The trees weren’t just tall—they were monuments to growth itself, some reaching so high their tops disappeared into actual clouds. Bridges made of living vines connected them, creating highways in the sky where I could see tiny figures moving. There were structures built into the trees themselves, growing from the bark like architectural tumors, windows glowing with bioluminescent light even in the morning sun.

And the mushrooms. God, the mushrooms.

They grew from the sides of the trees, some small as dinner plates, others large enough to build houses on—which someone had, apparently. I could see entire communities built on fungal platforms, connected by stairs that looked like they were spun from gossamer threads.

“It’s beautiful,” I said without meaning to.

“It’s dying,” Kaelren replied, and I felt the tension in his body. “Look closer.”

I did, and saw what he meant. There were patches of black rot spreading through some of the trees, sections where the bridges had collapsed, platforms where the lights had gone dark. It was subtle, but once you saw it, you couldn’t unsee it—the realm was sick.

“What’s causing it?” I asked.

“Many things. The balance has been wrong for a long time.”

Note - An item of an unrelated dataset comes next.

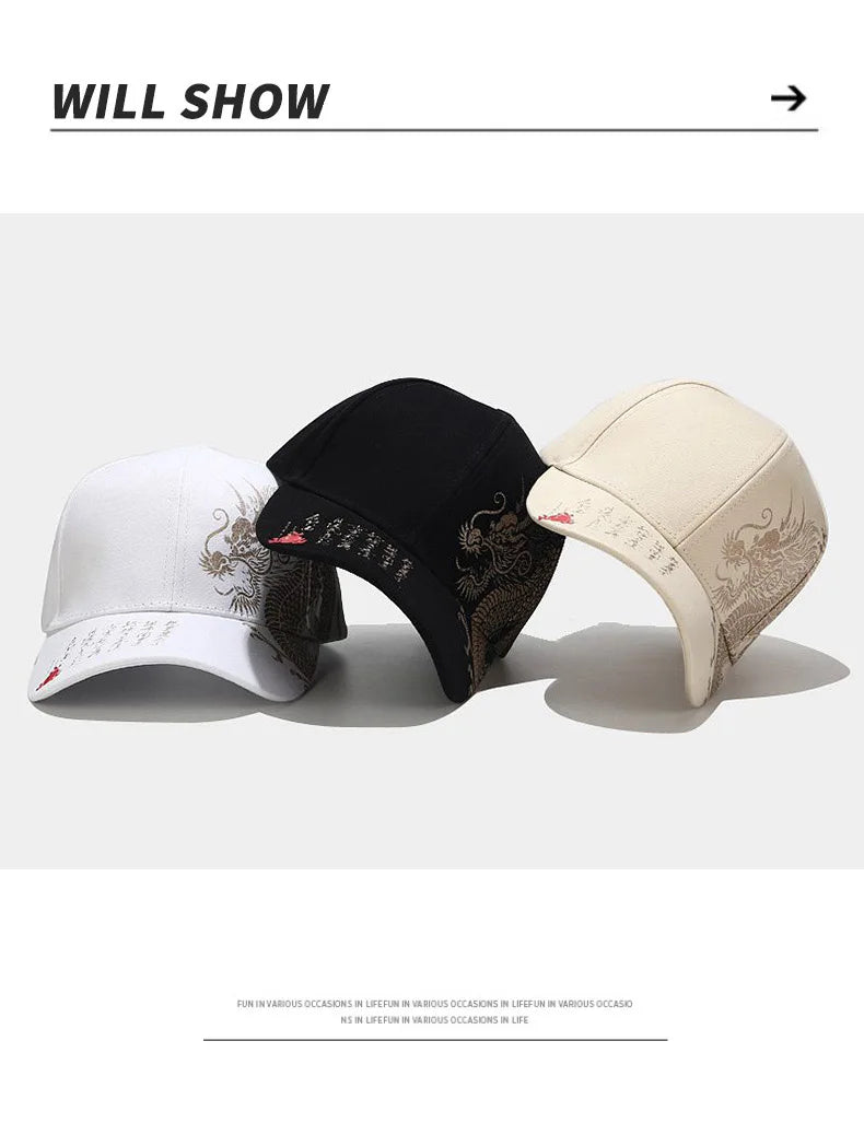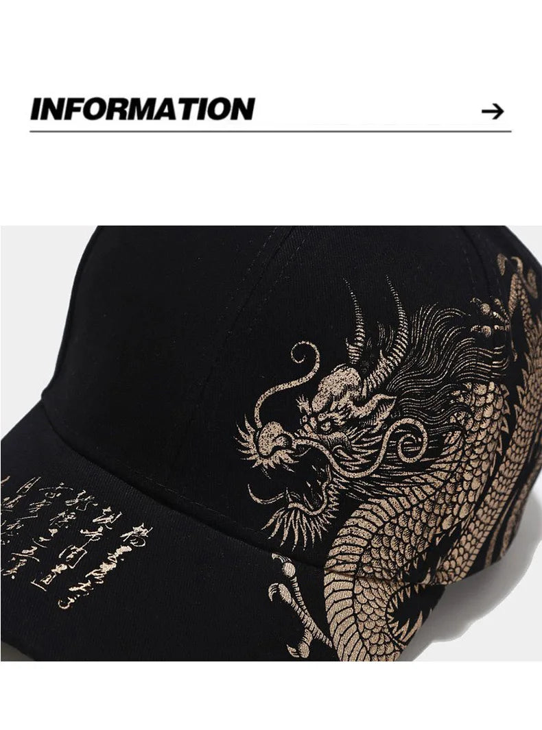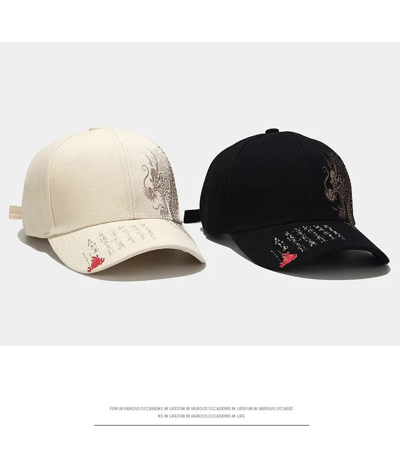 • Chinese Style Design :This baseball hat features a unique Chinese style dragon pattern, adding an exotic touch to your outfit. Perfect for those who appreciate international culture and design.

“Since my grandmother left?”

“Since before that. But her leaving accelerated it.”

We flew in formation, the crew’s bees moving with practiced synchronization. Nimor was barely visible on his mount, seeming to fade in and out of existence. Eltrien rode with careful grace, one hand occasionally glowing as he whispered something to his bee. Vashael was surrounded by her ever-present pollen cloud, making her bee sneeze occasionally. Sarnyx rode a bee with thorns actually growing from its fur, because of course she did. And Bryx was doing aerial tricks with Kevin that made my stomach turn just watching.

“Show off,” Sarnyx called to him.

“It’s not showing off if you’re genuinely talented,” Bryx called back, doing a loop that shouldn’t have been possible on a giant insect.

“It’s showing off if you’re trying to impress the human,” Vashael said, and even through her veil I could hear her smirk.